The measurement setup is shown in Fig. 2. A differential amplifier circuit was used to test the resistive pulse sensor which is modeled as RC in the circuit. R1 is a variable resistor which was set equal to RC. R2 = R3 = 500 kΩ. A signal generator (Agilent 33220A) was used to apply a DC voltage Vin = 2.4 V. The differential gain of amplifier AD620 was set to be 50 by using appropriate RG value (1 kΩ). The sensor response was recorded at a sampling rate of 1 MHz using a NI USB-6251 data acquisition board and a LabView interface.  For each test, 15 μl of sample solution was loaded in to the device using a syringe pump (KDS Legato 270) at flow rate of 60 μl/hr.

Fig. 2: Measurement setup

Findings

With the demonstration of the feasibility of measuring biomarker concentrations via immunoaggregation in section 1, next we used human ferritin as a model biomarker to prove that microparticle-based immunoaggregation assay could be applied to real human biomarkers. In this study, the goat anti-human ferritin antibody was used as the capture probe on MPs. The biomarker corresponding to antibodies conjugated on the microparticle surface cause aggregation of Ab-MPs. We then used a microfluidic resistive pulse sensor to measure the sizes and count the number of aggregates. The volume fraction of aggregates can be calculated, which indicates the biomarker concentration.

Figure 3. Volume fraction of aggregates at different concentrations of human ferritin from 1.04 to 280.00 ng/ml in PBS buffer. The concentration of Ab-MP was 53.40 µg/ml for all tests.

 As shown in Fig. 3, the volume fraction of aggregates increased with the increase of ferritin concentration in the range of 1.04 ng/ml to 62.40 ng/ml. The max volume fraction (35.4%) occurred at 62.40 ng/ml.  Above 62.40 ng/ml, the volume fraction was reduced with the increase of ferritin concentration. This is because the high concentration of ferritin would saturate anti-ferritin Abs on surfaces of Ab-MP; hence the number of unreacted anti-ferritin Abs on Ab-MPs was too low to cause the aggregation.
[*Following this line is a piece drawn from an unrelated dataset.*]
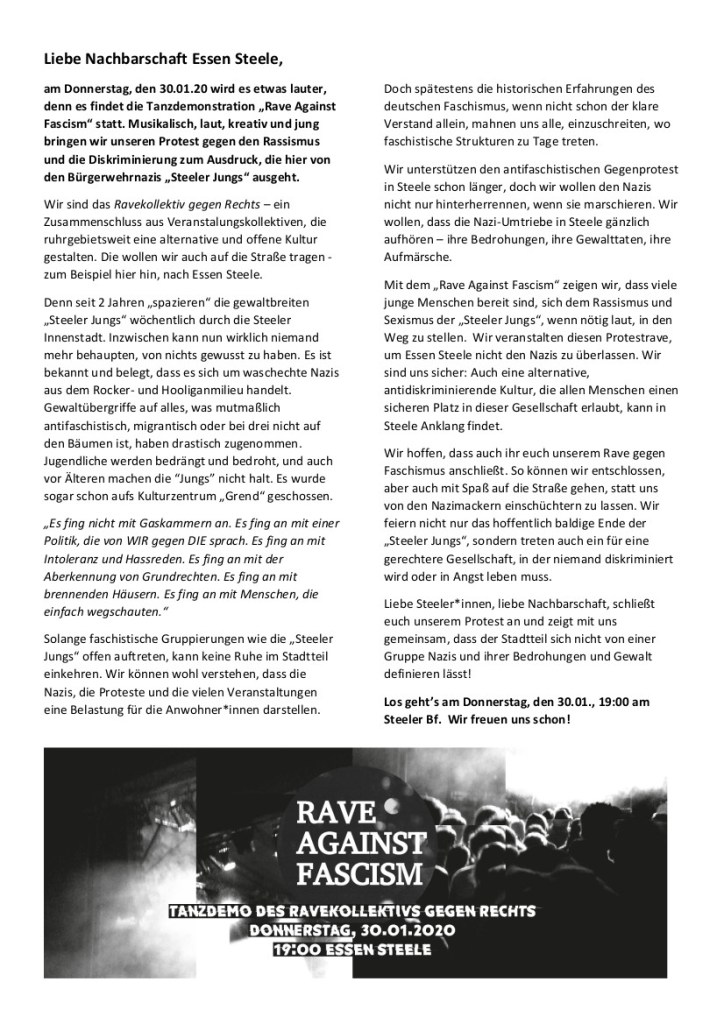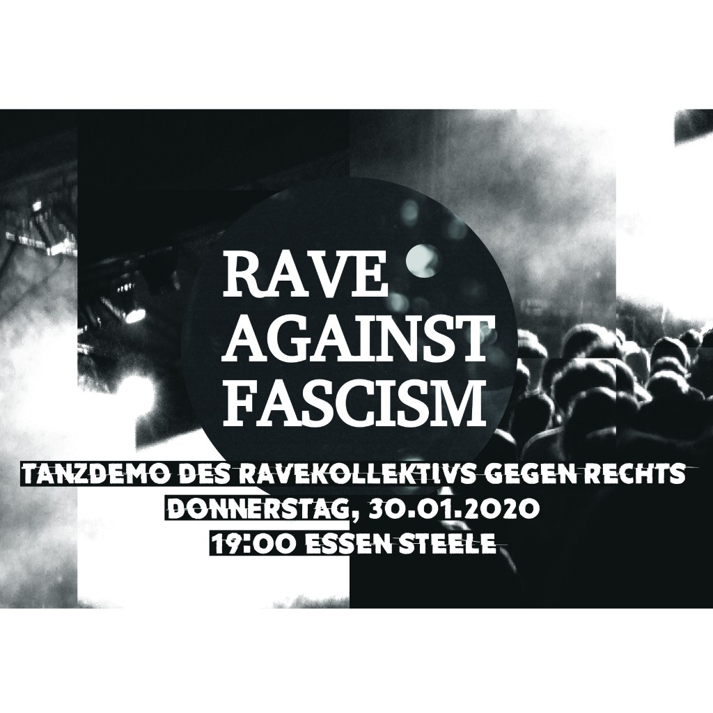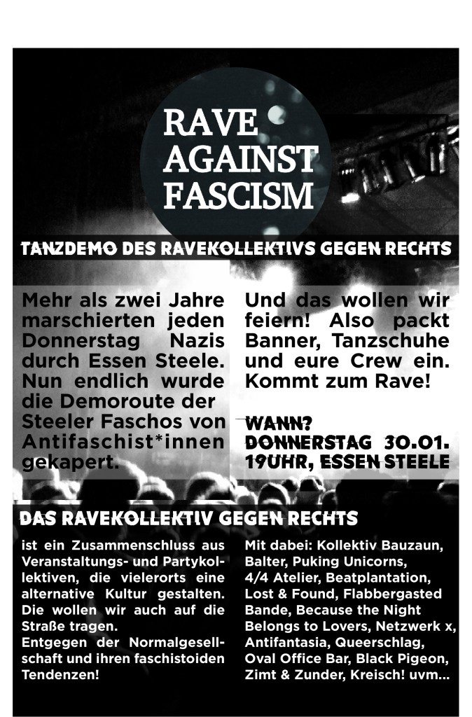 Premiere feiert(e) das Format am Donnerstag, den 30.01.2020 in Essen-Steele. Wir rav(t)en gegen die Vereinnahmung des Stadtteils durch die faschistoide Bürgerwehr “Steeler Jungs”. Los gehts um 19:00 am Steeler Bf (vorne raus, am Taxiparkplatz) und hier gehts zur Facebook-Veranstaltung: RAVE AGAINST FASCISM-Tanzdemo.

Figure 4. Volume fraction of aggregates at different concentrations of human ferritin from 0.1 to 416.00 ng/ml in 10% FBS. Three sets of Ab-MP concentrations were used: 13.35 µg/ml, 53.40 µg/ml, and 213.40 µg/ml, for black (circle), red (triangle) and blue (square) lines respectively.

Next, we proved the detection of ferritin in 10% FBS to mimic the real biomarker detection environment in complex media.  As shown in Fig. 4, the volume fraction of aggregates increased as increasing the ferritin concentration even in complex media (10% FBS). More importantly, tests showed that the detection range was adjustable by using different set of Ab-MP concentrations. It is important to point out here that volume fractions of nonspecific aggregates for the negative control were 0.045 ± 0.008, 0.054 ± 0.011 and 0.049 ± 0.002 for Ab-MP concentrations of 13.35 µg/ml, 53.4 µg/ml and 213.40 µg/ml, respectively, which are close to that in PBS at the concentration of 53.4 µg/ml. Results indicate that Ab-MPs are stable in the complex medium and nonspecific binding of non-target protein has negligible effect on the aggregation of Ab-MPs. With an Ab-MP concentration of 53.40 µg/ml (red curve), the max volume fraction also occurs at 62.40 ng/ml (see Fig. 3), and the aggregate volume fraction (32.4%) was comparable to that in PBS (35.4%). The result further confirms the immunoaggregation based biomarker detection method is insensitive to other biomolecules present in the complex media, implying that this approach can be applied to biomarker detection in complex media, i.e. human blood. Additionally, the detection range was shifted to the lower concentration range (0.1 ng/ml to 10.4 ng/ml) by using a lower concentration of Ab-MP (13.35 µg/ml). Similarly, a higher detection concentration range (0.1 ng/ml to 208 ng/ml) was achieved with a higher concentration of Ab-MP (213.40 µg/ml). Hence the detection range of the biomarker can be accurately tuned by changing the microparticle concentration. This biomarker detection method can be readily adapted for the detection and quantification of any biomacromolecules as long as there are high affinity capture probes available.